■ **PROBLEM TO WORK ON**
Set the whole listing down again, word for word, with no pictures.

■ **GIVEN MATERIAL**
════════════════════

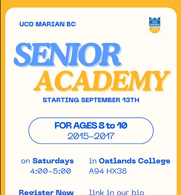 Sign-up form for UCD Marian Junior Academy (5-7 yr olds) and Senior Academy (8-10 yr olds)
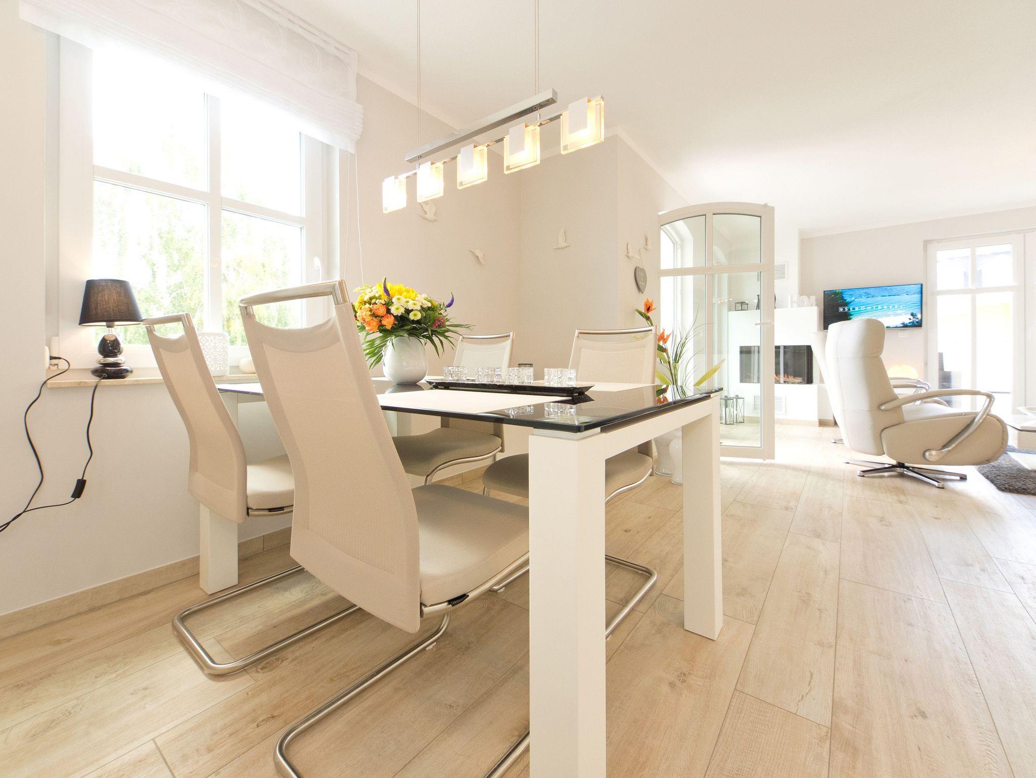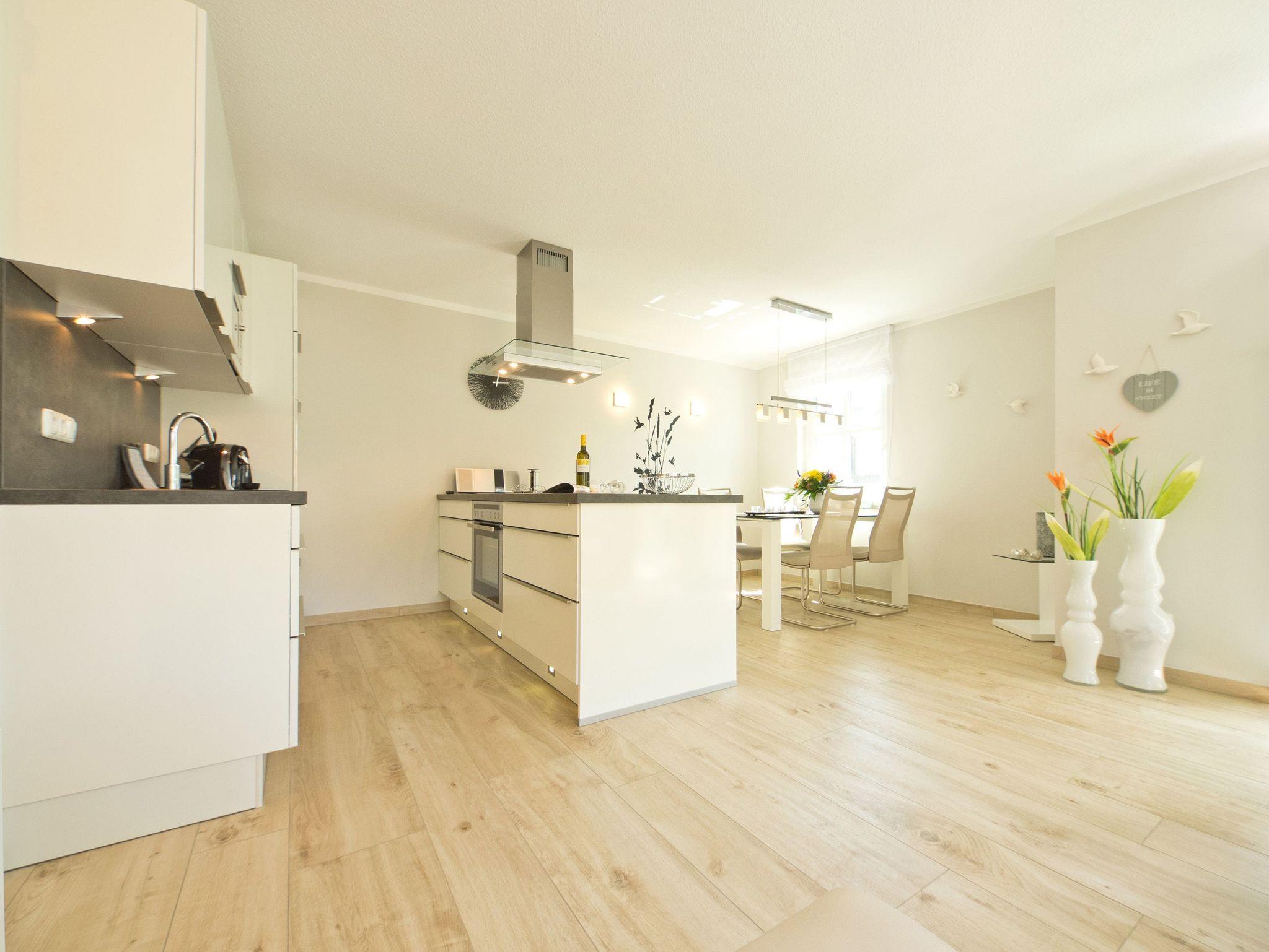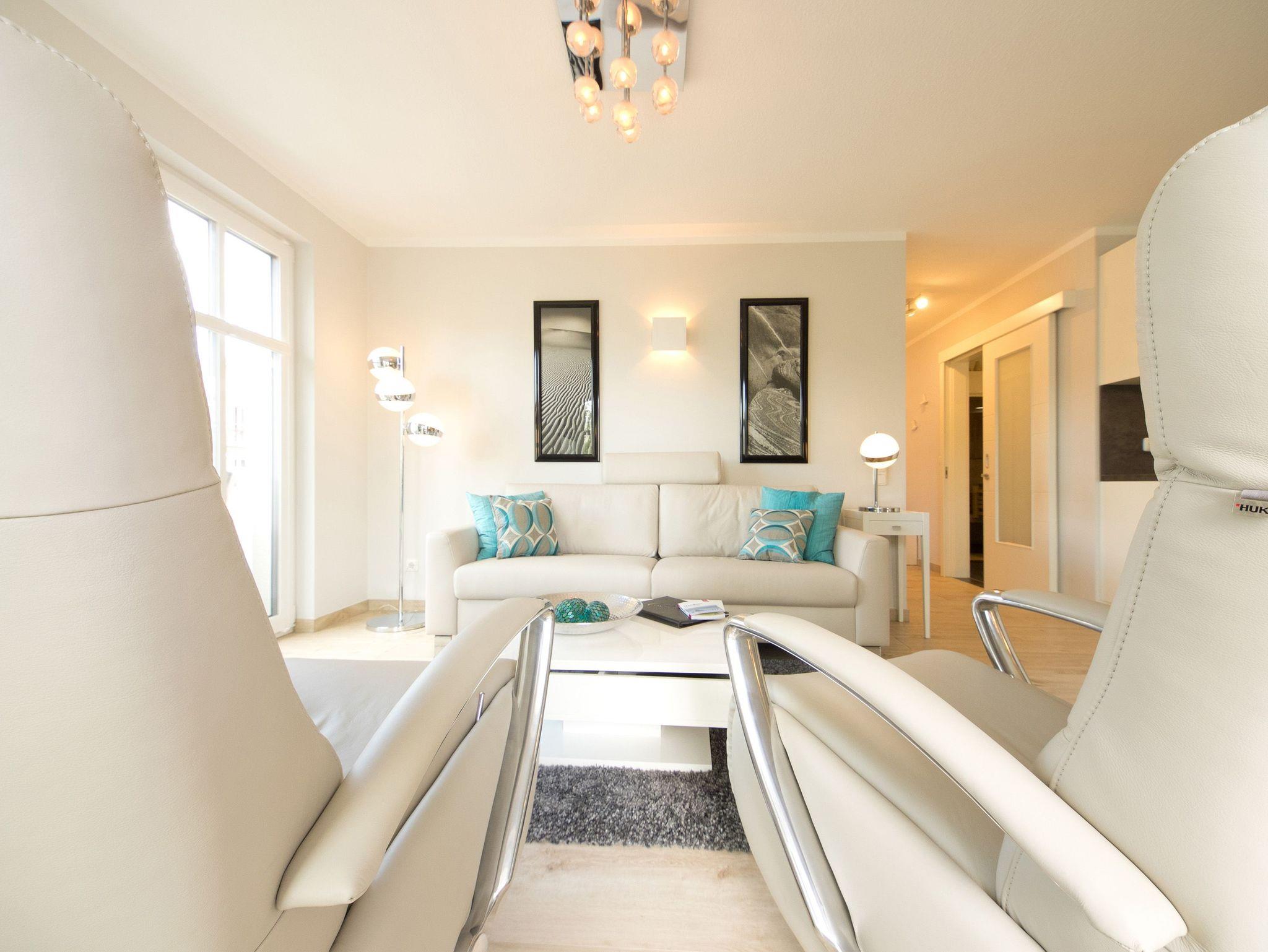 Willkommen in der Ferienwohnung 3.2! Unser wunderschön designtes Domizil wird Sie überzeugen, schon beim Eintreten begeistern Helligkeit, Großzügigkeit und die schöne, wertige Gestaltung. Das 3-Raum-Appartement (75 qm) im 2. Obergeschoss bietet bis zu 4 Personen Platz zum Wohlfühlen. Der offen gestaltete Wohnbereich ist ausgestattet mit einer bequemen Ledersitzgruppe, Flat TV , Blue Ray Player und Musikanlage mit Ipod Docking Station. Der moderne Gaskamin ist ganz einfach per Fernbedienung zu nutzen und verbreitet schnell eine wohlige Gemütlichkeit. Die offene, komplett ausgestattete Küche mit Kochinsel und angrenzendem Essplatz schließt sich hier an. 2 Schlafzimmer mit hochwertigen Boxspringbetten (1,80 x 2,00m) und jeweils Flat TV sorgen für erholsame Nächte. Das Bad ist mit einer ebenerdigen Echtglasdusche, Regenwaldbrause und Doppelwaschtisch ausgestattet. Ein besonderes Highlight ist die Sauna, die hier ebenfalls integriert ist. Zusätzlich gibt es noch ein Gäste-WC. Besonders schön sind auch die 3 Balkone ( sonnige Süd- und Westseite), wovon einer als geschützte Loggia angelegt ist und auch bei schlechterem Wetter sehr gut genutzt werden kann. Für Ihren Komfort steht die Erstausstattung Wäsche für Sie bereit. Ein Pkw-Stellplatz befindet sich am Haus, für Fahrräder gibt es einen separaten Abstellraum. Das WLAN-Netz im Haus ist kostenfrei nutzbar.
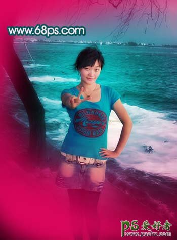 14、新建一个图层,前景颜色设置为:#DC055B,然后用画笔工具,画笔透明度为:30%左右,涂出图24所示的色块,然后把图层混合模式改为“正片叠底”,图层不透明度改为:30%,效果如图25。
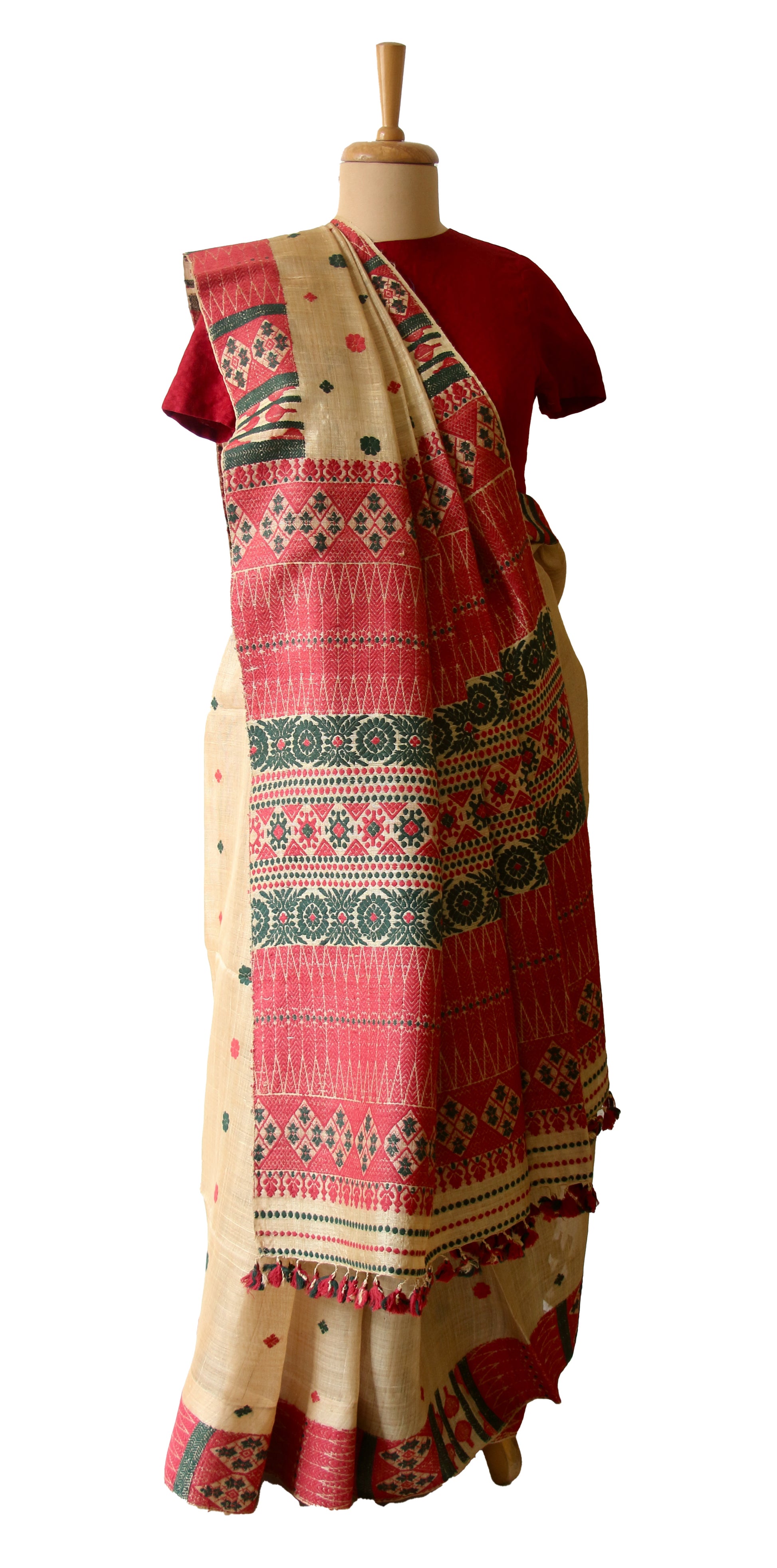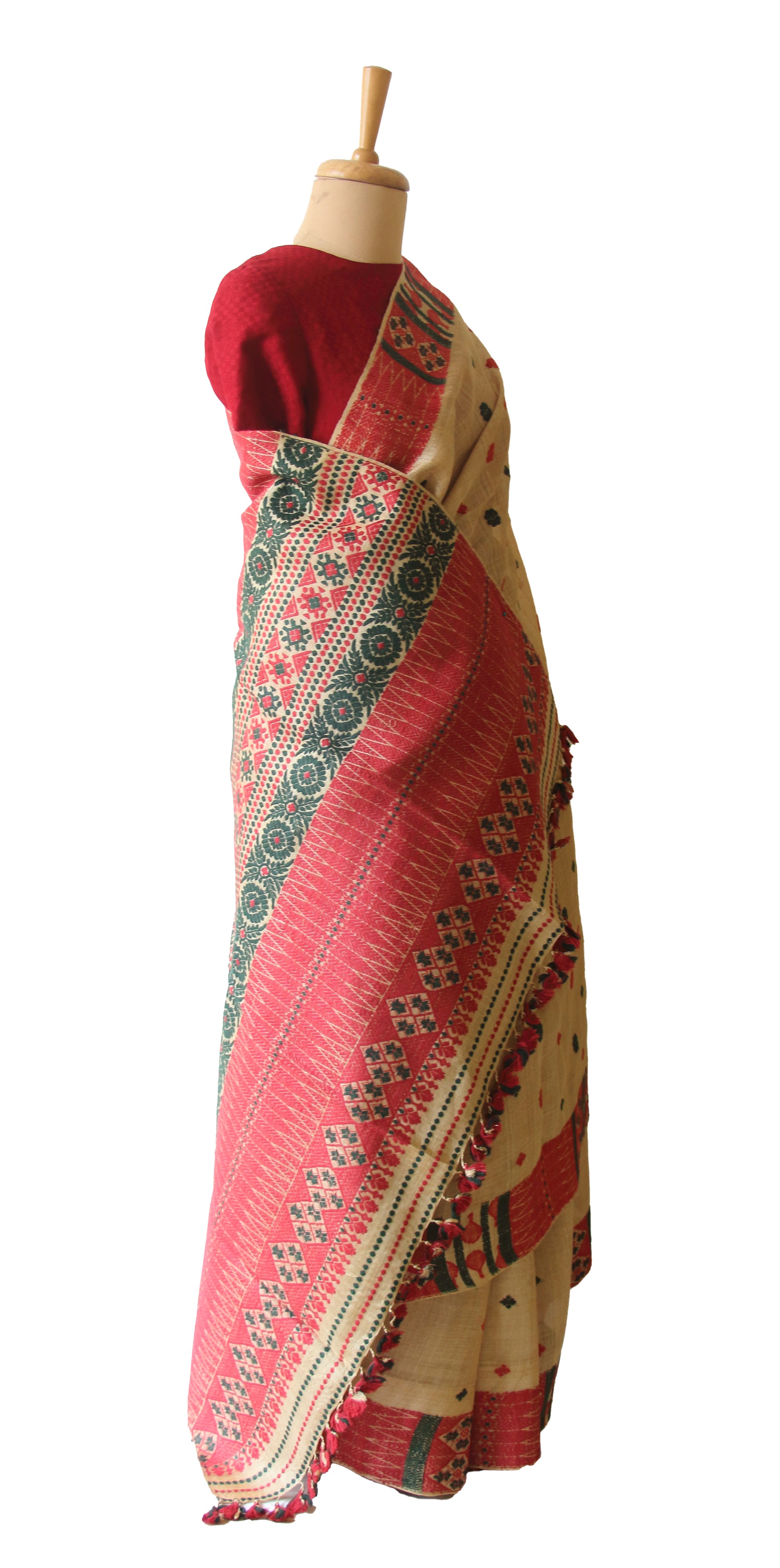 The interwoven motif yarns are in natural dyed Eri Silk yarns  . The saree is hundred percent silk .

════════════════════

■ **RESPONSE TO THE EXERCISE**
 Sign-up form for UCD Marian Junior Academy (5-7 yr olds) and Senior Academy (8-10 yr olds)
 Willkommen in der Ferienwohnung 3.2! Unser wunderschön designtes Domizil wird Sie überzeugen, schon beim Eintreten begeistern Helligkeit, Großzügigkeit und die schöne, wertige Gestaltung. Das 3-Raum-Appartement (75 qm) im 2. Obergeschoss bietet bis zu 4 Personen Platz zum Wohlfühlen. Der offen gestaltete Wohnbereich ist ausgestattet mit einer bequemen Ledersitzgruppe, Flat TV , Blue Ray Player und Musikanlage mit Ipod Docking Station. Der moderne Gaskamin ist ganz einfach per Fernbedienung zu nutzen und verbreitet schnell eine wohlige Gemütlichkeit. Die offene, komplett ausgestattete Küche mit Kochinsel und angrenzendem Essplatz schließt sich hier an. 2 Schlafzimmer mit hochwertigen Boxspringbetten (1,80 x 2,00m) und jeweils Flat TV sorgen für erholsame Nächte. Das Bad ist mit einer ebenerdigen Echtglasdusche, Regenwaldbrause und Doppelwaschtisch ausgestattet. Ein besonderes Highlight ist die Sauna, die hier ebenfalls integriert ist. Zusätzlich gibt es noch ein Gäste-WC. Besonders schön sind auch die 3 Balkone ( sonnige Süd- und Westseite), wovon einer als geschützte Loggia angelegt ist und auch bei schlechterem Wetter sehr gut genutzt werden kann. Für Ihren Komfort steht die Erstausstattung Wäsche für Sie bereit. Ein Pkw-Stellplatz befindet sich am Haus, für Fahrräder gibt es einen separaten Abstellraum. Das WLAN-Netz im Haus ist kostenfrei nutzbar.
 14、新建一个图层,前景颜色设置为:#DC055B,然后用画笔工具,画笔透明度为:30%左右,涂出图24所示的色块,然后把图层混合模式改为“正片叠底”,图层不透明度改为:30%,效果如图25。
 The interwoven motif yarns are in natural dyed Eri Silk yarns  . The saree is hundred percent silk .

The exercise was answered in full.